What to work on: Your task is to transcribe the data exactly while omitting each picture.

Exercise data:

○ ○ ○ ○

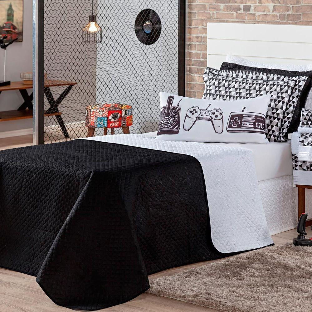 Kit Cobre Leito Colcha Solteiro Game Retrô Preto/branco Dupla Face Com Almofada Estampada 04 Peças
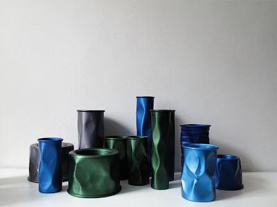 Inspirado nas louças usadas em comunidades pobres, o designer Brunno Jahara, lançou uma coleção de vasos, bowls, bandejas e luminárias com o título Batucada. A linha é feita em alumínio anodizado (processo que deixa o alumínio 30% mais resistente que o aço, além de dar cor ao material) e totalmente reciclável, já que o Brasil é um dos países que mais recicla o material, graças ao catadores em todas as cidades. Achei lindas as cores e a estética que o material fica.
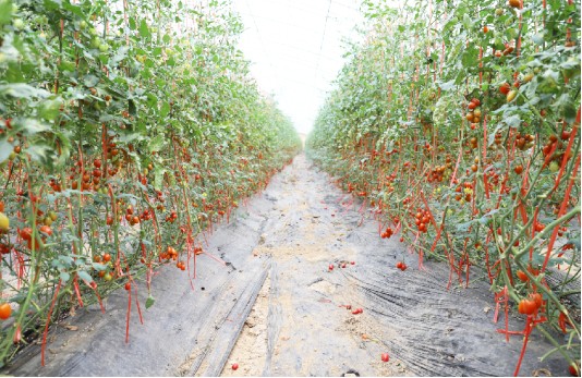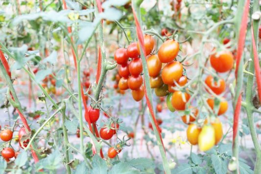 在智慧农业生态园,田地里用竹子支起的栅栏上爬满了绿藤蔓,一串串红彤彤的小果子从绿叶里探出来,装点出一幅喜人的丰收画面。
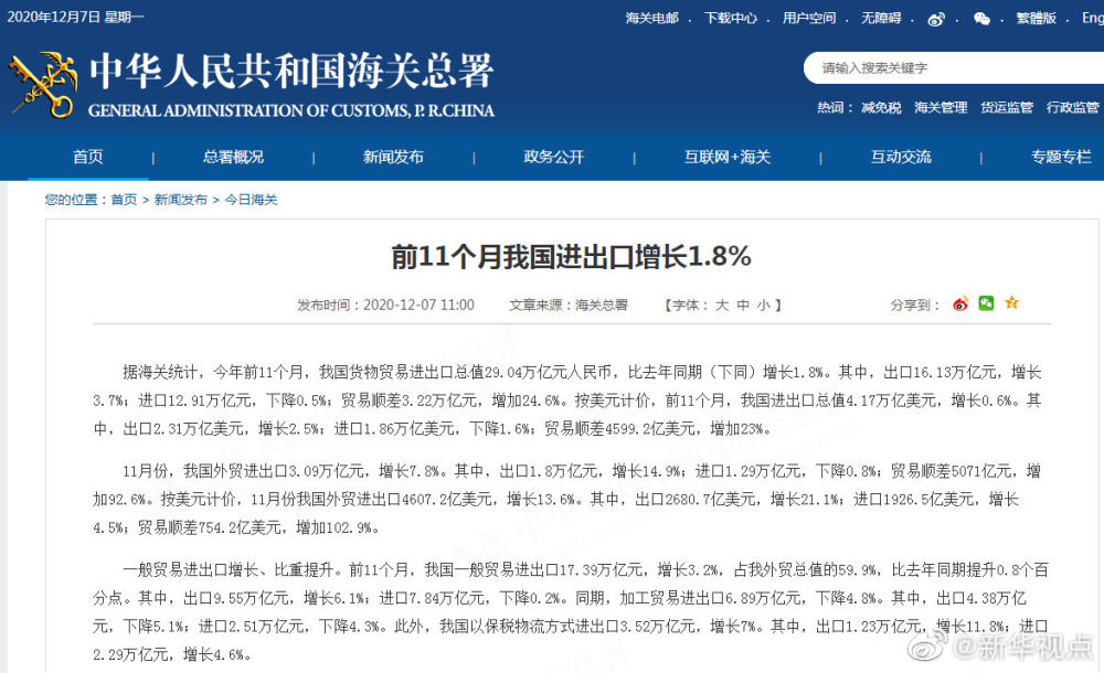海關(guān)總署7日發(fā)布數(shù)據(jù),前11個(gè)月,我國貨物貿(mào)易進(jìn)出口總值29.04萬億元,同比增長1.8%。這是繼1至9月外貿(mào)進(jìn)出口累計(jì)增速年內(nèi)首次轉(zhuǎn)正以來,連續(xù)第三個(gè)月保持正增長。給力?。ㄓ浾邉⒓t霞)
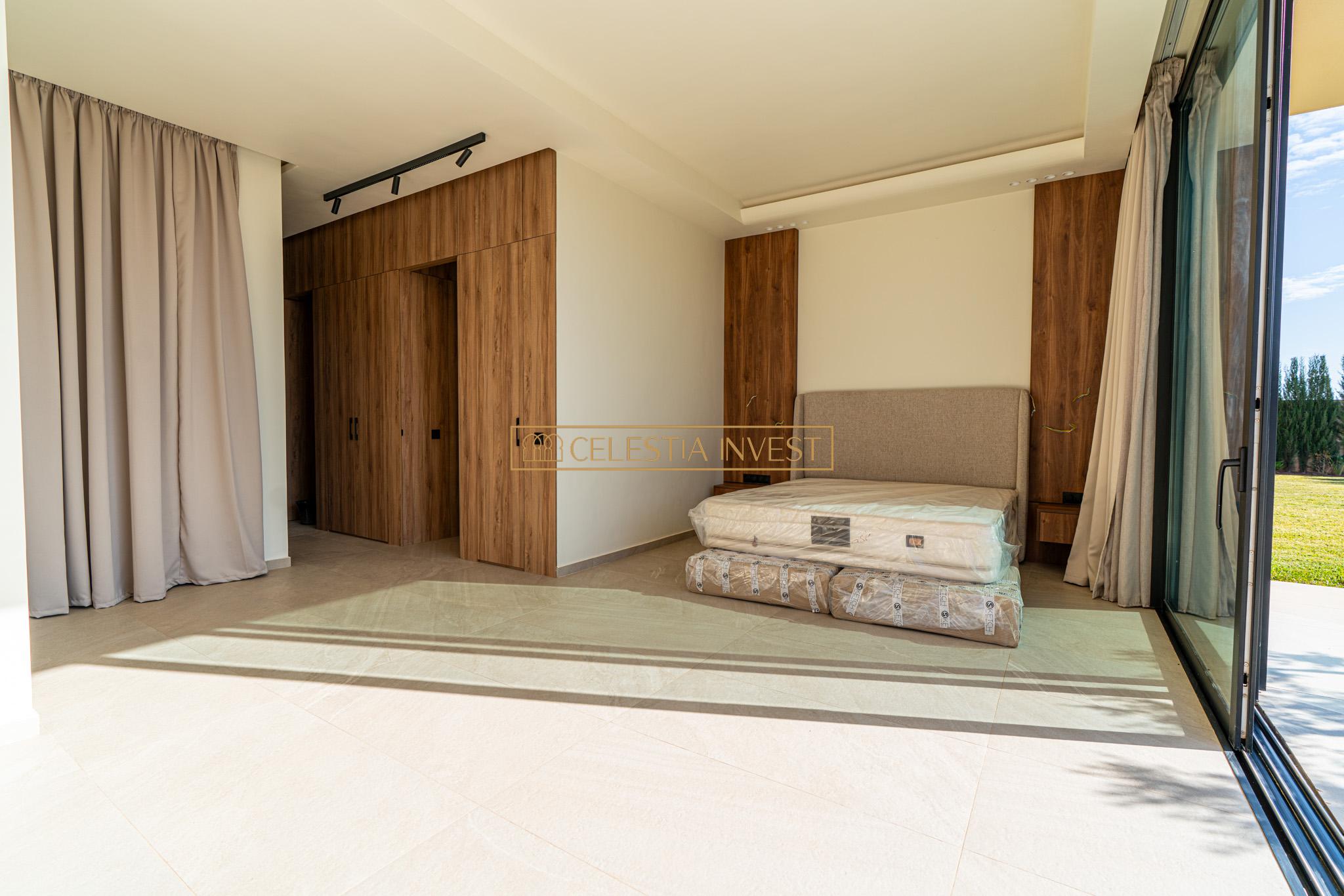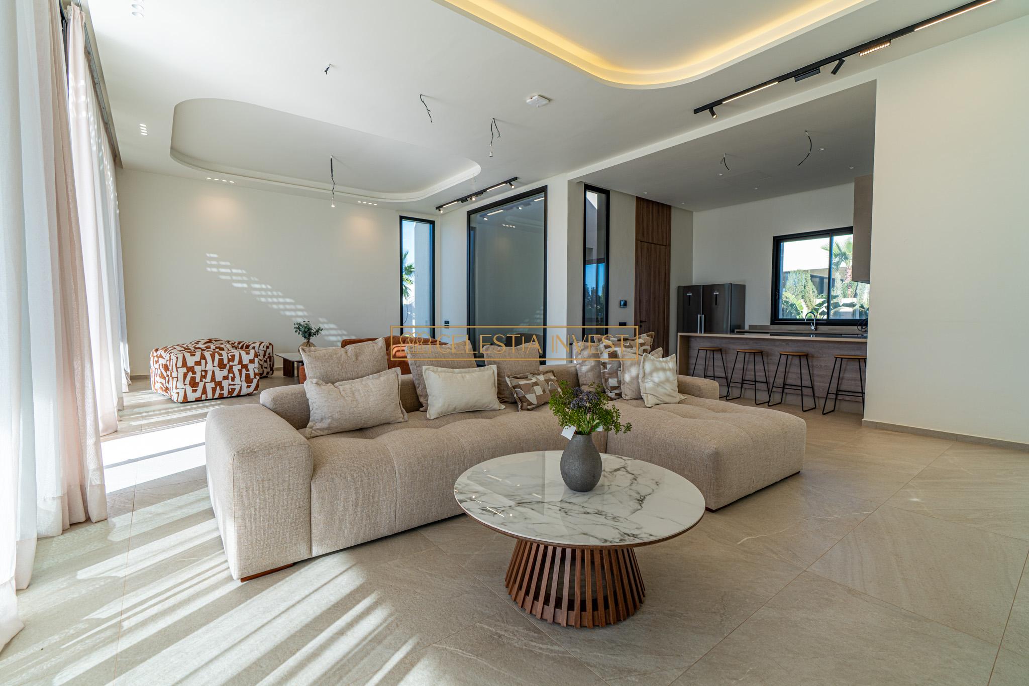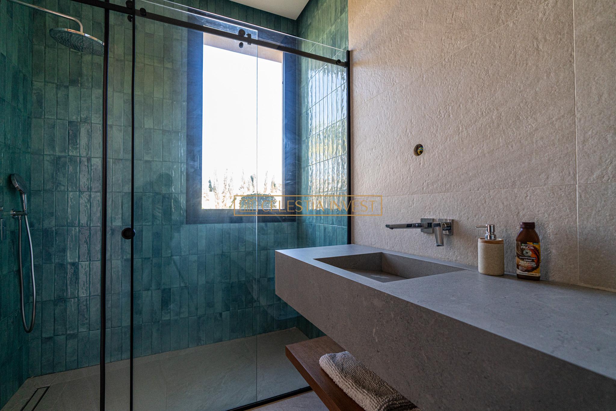 The night area consists of two bedrooms with en-suite bathrooms, built-in wardrobes, terraces, and reversible air conditioning. A junior master suite with bathroom and dressing room, as well as a spacious master suite featuring a dressing room, bathroom, and private terrace, offer optimal comfort and complete privacy. The villa also includes guest toilets.

○ ○ ○ ○

Response below:
 Kit Cobre Leito Colcha Solteiro Game Retrô Preto/branco Dupla Face Com Almofada Estampada 04 Peças
 Inspirado nas louças usadas em comunidades pobres, o designer Brunno Jahara, lançou uma coleção de vasos, bowls, bandejas e luminárias com o título Batucada. A linha é feita em alumínio anodizado (processo que deixa o alumínio 30% mais resistente que o aço, além de dar cor ao material) e totalmente reciclável, já que o Brasil é um dos países que mais recicla o material, graças ao catadores em todas as cidades. Achei lindas as cores e a estética que o material fica.
 在智慧农业生态园,田地里用竹子支起的栅栏上爬满了绿藤蔓,一串串红彤彤的小果子从绿叶里探出来,装点出一幅喜人的丰收画面。
海關(guān)總署7日發(fā)布數(shù)據(jù),前11個(gè)月,我國貨物貿(mào)易進(jìn)出口總值29.04萬億元,同比增長1.8%。這是繼1至9月外貿(mào)進(jìn)出口累計(jì)增速年內(nèi)首次轉(zhuǎn)正以來,連續(xù)第三個(gè)月保持正增長。給力?。ㄓ浾邉⒓t霞)
 The night area consists of two bedrooms with en-suite bathrooms, built-in wardrobes, terraces, and reversible air conditioning. A junior master suite with bathroom and dressing room, as well as a spacious master suite featuring a dressing room, bathroom, and private terrace, offer optimal comfort and complete privacy. The villa also includes guest toilets.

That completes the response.